Consider also the case of Roe v. Wade, in which the majority of the Court predicated the right to an abortion upon the ground-breaking right of privacy first articulated in Griswold v. Connecticut.  Never mind the obvious fact that enormous political pressures were exerted upon the Court to strike down anti-abortion statutes.  Would Mr. Crisp really expect us to believe that Roe had nothing to do with burgeoning feminist politics and the "women's liberation" movement?  Few would dare to argue that Roe was an "objective" judicial decision divorced from politics? Such a position is all but ludicrous.

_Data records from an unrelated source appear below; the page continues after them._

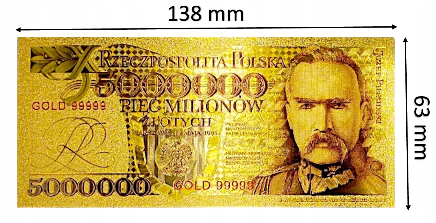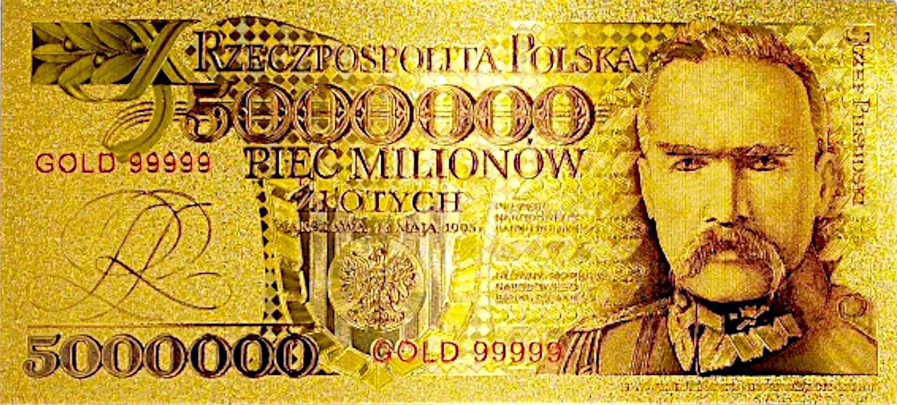 Юзеф Пилсудский, БАНКНОТА из ПВХ в пять миллионов долларов, PRL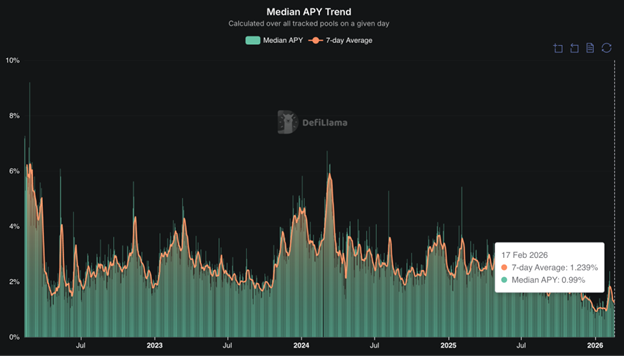 The median APY trend in crypto, based on DeFiLlama data, is barely 1%.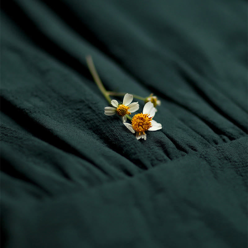 Buddha Stones Baumwoll-Midikleid mit Froschknopfleiste, V-Ausschnitt, langen Ärmeln und Taschen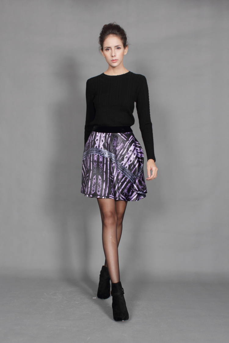 源自3500年前乌尔竖琴古贝紫,足以衬托你的高贵典雅。织花锦绸,精编分割,品质无可挑剔。花色绚丽,你的高雅无人可及。高腰修身,你的婀娜身段不须掩藏。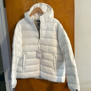 This is new with tags. The color is gray. The lining is 100 % polyester and is quilted along with the sleeves. The fabric content is 92 % polyester, 6 % wool, 2 % other. The collar is corduroy. The chest is 44 inches, 22 flat. The length is 29 inches with 26 inch sleeves.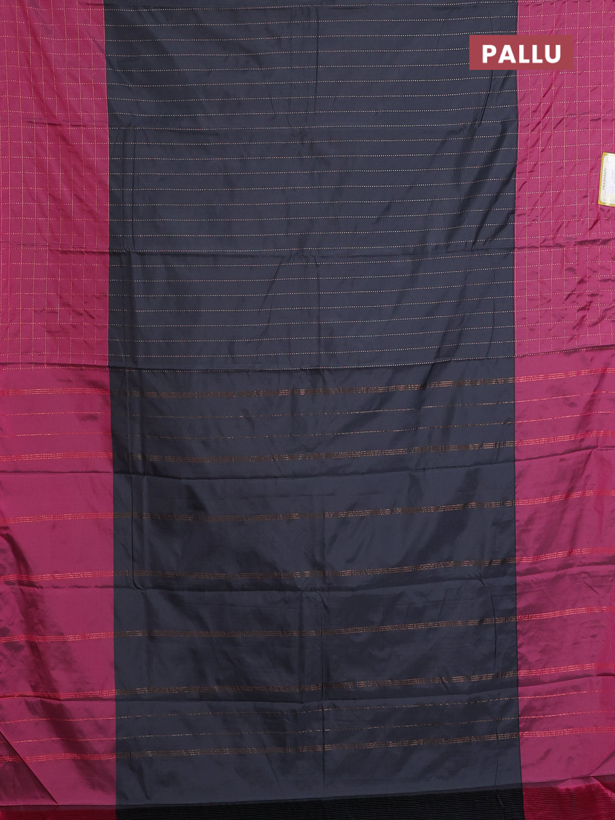Arani semi silk saree dark grey and dark maagenta pink with allover copper zari weaves and zari checked border

How would Mr. Crisp, I wonder, explain why there is a virtual war every time a crucial Supreme Court nomination (meaning one that can disrupt the balance of power on the Court) comes before the Senate? Those on the left of the political spectrum trained their guns on Robert Bork, Clarence Thomas, John Roberts, and Samuel Alito.  Only Bork was "borked," although any of the others could have easily suffered the same political fate.  Why such battle royals?  Because each of these nominees took, or were suspected of taking, political positions their political adversaries dislike. 

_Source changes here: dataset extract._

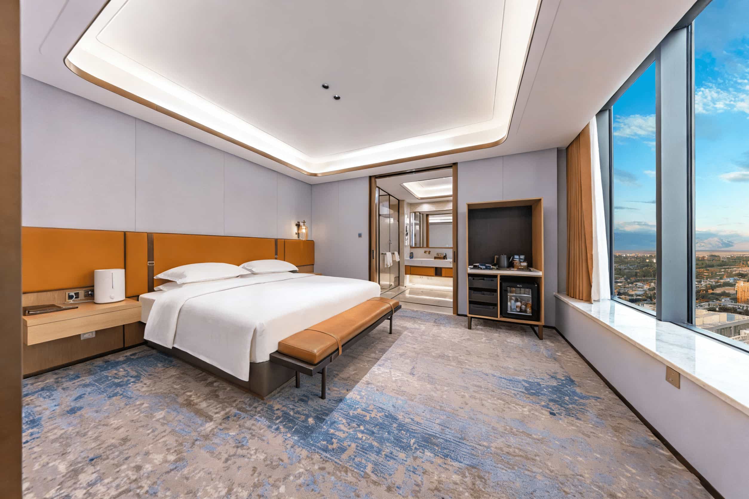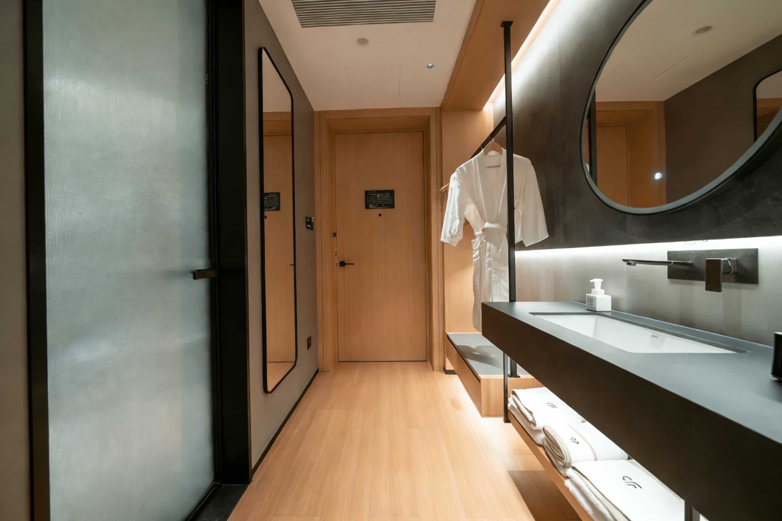 广州黄埔同派酒店是现代工业风融合摩登复古元素,如复古花砖、金属构件与皮质家具的混搭,强调“共享”与“社交”,打破传统酒店功能分区,设有专属艺术装置(如貔貅“派派”),增添趣味与打卡点。 客房采用现代简约风格,注重实用与舒适。普遍采用全景落地窗以增加空间通透感,浴室多为干湿分离设计,色调以白、灰为主,显得干净利落。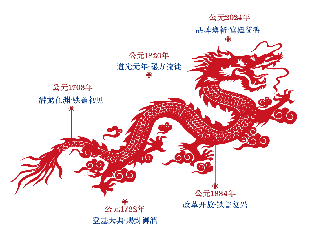 “雍正铁盖”根植清宫酿酒礼制,以“敬天、尊祖、奉国、宴宾”为文化内核。 品牌美学融龙腾御云、宫廷章纹、皇袍旒冕、御书钮章等元素,赋予每一杯酒以“皇家之礼”的尊崇感。

The history of the Supreme Court suggests that it is and always has been keenly sensitive to the direction in which the political winds are blowing.  So why are Mr. Crisp and those like him suddenly attempting to highlight the "political" nature of the Court as if it were a relatively recent phenomenon? 

In my opinion, they are probably doing so for crass political reasons.  It is a way of putting pressure on the Court to uphold the Affordable Care Act and, in the event the Court does not do that, to create a campaign issue emphasizing the "vital importance" of re-electing a President who will appoint justices to the Court who are "fair," "just," and "objective," à la Justices Ginsberg, Kagan, and Sotomayor no less. What absolute nonsense! 

Perhaps my treatment of Mr. Crisp's comments gives them more credit than they deserve.  My critique assumes that there is a carefully thought-out motive underlying his silly observations.  Yet there's always the chance that there's no rationale for them at all -- only ridiculousness all the way down.